Does this sound like your app?
- □Documents are processed automatically, not triggered by a user waiting for a response
- □You process many documents at a time (invoices, contracts, reports, emails)
- □Results don't need to appear instantly — minutes or hours is fine
- □The input is always a document, not a conversational message
Real-world example
A legal tech tool that summarizes contracts overnight. 500 contracts uploaded — each goes through one LLM call to extract key clauses. No user is waiting. Batch API gives 50% off.
If users are waiting in real time for the result, this isn't batch-eligible and the cost model changes significantly.
Multi-step agent
Your app gives an AI a goal and lets it figure out the steps itself — using tools, making decisions, and iterating until it's done.
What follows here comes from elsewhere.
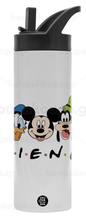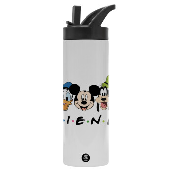 Friends characters, Metallic thermos bottle with straw & handle, stainless steel (Stainless steel 304), double-walled, 600ml.

Each step is a separate LLM call. A task that takes 10 steps costs 10× a single-call task.
Does this sound like your app?
- □The AI decides what to do next based on previous results
- □Your app uses tools — web search, code execution, API calls, file operations
- □A single user task triggers 5 or more LLM calls
- □The number of steps is unpredictable — some tasks take 3 steps, others take 15
Real-world example
An autonomous research agent. User says 'find me the 5 best competitors to my SaaS and summarize their pricing.' The agent searches the web, visits each site, extracts pricing, compares, and writes a summary — 8–12 LLM calls per task.
If the number of LLM calls per task is always exactly 1–2 and predetermined, this is probably a simpler archetype.